Ягодные места - [67]

Шрифт
Интервал

Когда четыре провинциальные леди, оставив свои корзинки и чемоданы в хилтоновских номерах, потрясших их воображение мраморными ваннами, вделанными в пол, наскоро приняли душ, причесались и попудрились, менеджер ввел их в банкетный холл, где толпились журналисты, и к мамам бросились сыновья, обнимая их самым искренним образом, но в то же время уже с выработанной инстинктивностью поворачиваясь в момент объятий к объективам. Мамы растерянно моргали от вспышек и непроизвольно прижимались к сыновьям. Кадры получились.

— Думали ли вы, что ваш сын станет рок-сингером? — спросили маму из Сиатля.

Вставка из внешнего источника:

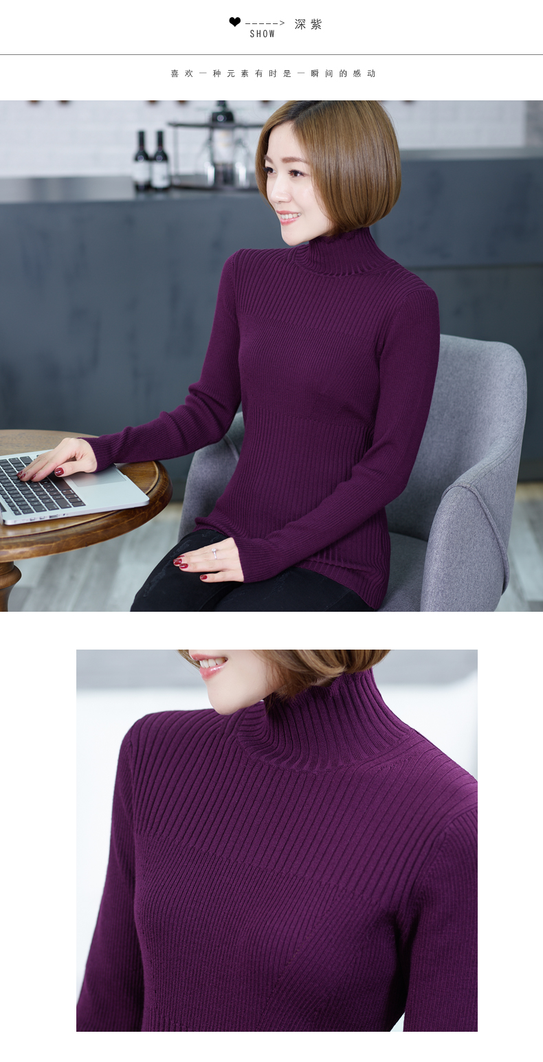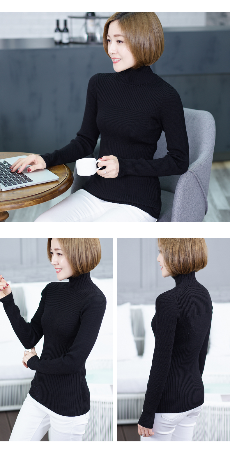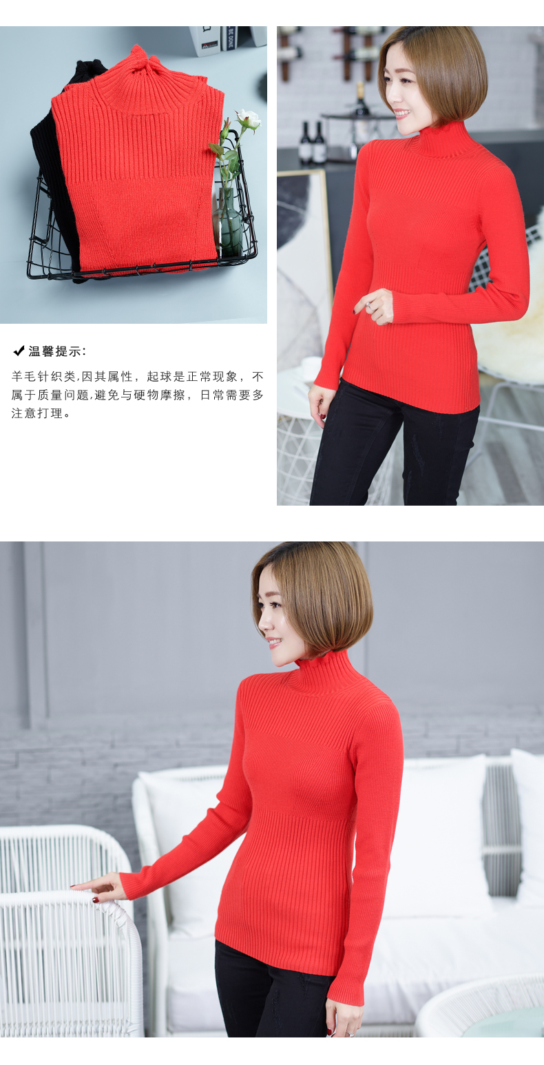 2019秋冬季加厚高領針織衫純色羊毛衣內搭上衣女裝長袖秋裝打底衫1入
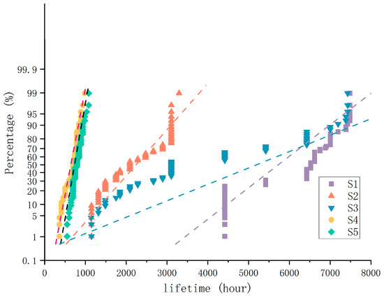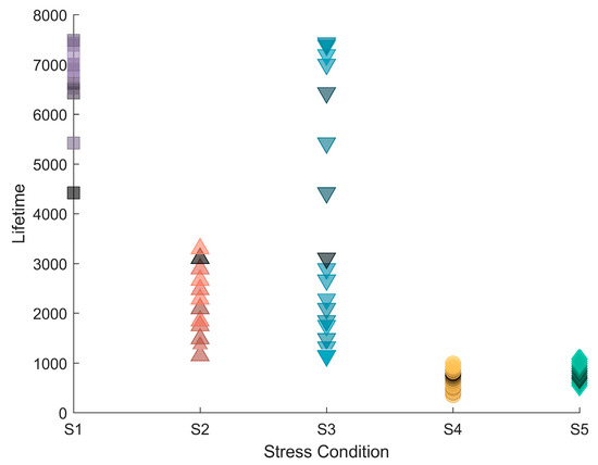- Lin, K.; Chen, Y. Reliability assessment model considering heterogeneous population in a multiple stresses accelerated test. Reliab. Eng. Syst. Saf. 2017, 165, 134–143. [Google Scholar] [CrossRef]
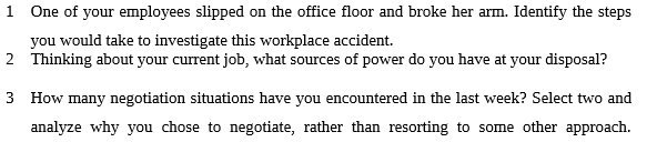 One of your employees slipped on the office floor and broke her arm. Identify the steps you would take to investigate this workplace accident. Thinking about your currentjob, what sources of power do you have at your disposal? How many negotiation situations have you encountered in the last week? Select two and analyze why you chose to negotiate, rather than resorting to some other approach.Â

— Нет, — ответила она, только сейчас разглядев как следует своего черноволосого сына с библейскими глазами и несколько испуганно удивившись его латаным-перелатаным джинсам: неужели у него нет денег, чтобы одеться более прилично для такого торжественного момента, когда столько важных, гораздо лучше одетых джентльменов собрались ради него. Ее также поразило, почему он на таких высоких каблуках — он и сам был не маленького роста, и почему его худая, дергающаяся по направлению к фотокамерам шея увешана гирляндами бус, более подобающих женщинам, а. на лбу, как у индуски, алое пятнышко.

— Кем бы вы хотели видеть вашего сына? — не отставали репортеры.

— Не знаю. Мне бы хотелось видеть его счастливым, — ответила мама из Сиатля.

Ответ понравился. Так просто и должна была отвечать Америка в лице мамы из Сиатля.

Маму из Детройта спросили об Уотергейте. Она не смутилась и ответила твердо:

— Я не верю, что наш президент может быть нечестным…

Часть собравшихся встретила это аплодисментами, часть — снисходительными улыбками.

Мама из Нашвилла была уклончива:

— Кто его знает…

Мама из Аризоны была более определенной:

— Сейчас столько мошенников, что я ничему не удивляюсь…

Мама из Сиатля сказала, что она в этом ничего не понимает, и виновато взглянула на сына — не подвела ли она его. Сын успокоительно кивнул. В непонимании всегда есть преимущество.

Супершоу началось прежде, чем началось. Менеджер все точно вычислил: гавайские юнцы и девчонки в майках с портретами «хвостатых» брали спорт-палас штурмом, сметая контролеров и полицейских. В зале нельзя было разобраться, у кого есть билеты, у кого нет, кто на чьем месте сидит. У каждого проникшего в зал было такое предварительное торжество в глазах, как будто вот-вот начнется главное событие эпохи.

Накаляя страсти, оглушительно верещали трещотки, гремели барабаны, трубили трубы. Менеджер еле приткнул четырех мам в дополнительном ряду, и они затравленно озирались среди заранее бушующей магмы поклонников их сыновей. Погас свет, вызвав ликующий вой уже слегка передержанного ожидания. Над тысячами голов лилово блеснули прожектора, выхватив из мрака гигантский экран над сценой. На экране причудливо заплясали какие-то странные узоры, перемежавшиеся то документальным кадром с солдатом, падающим на вьетнамскую землю и придерживающим свои вывалившиеся кишки трясущимися руками, то крупным планом женского соска с торчащими вокруг волосиками, то мощным бегом бизонов по прерии, то босой ногой, шевелящей сквозь дырку в кеде отчетливо грязными пальцами.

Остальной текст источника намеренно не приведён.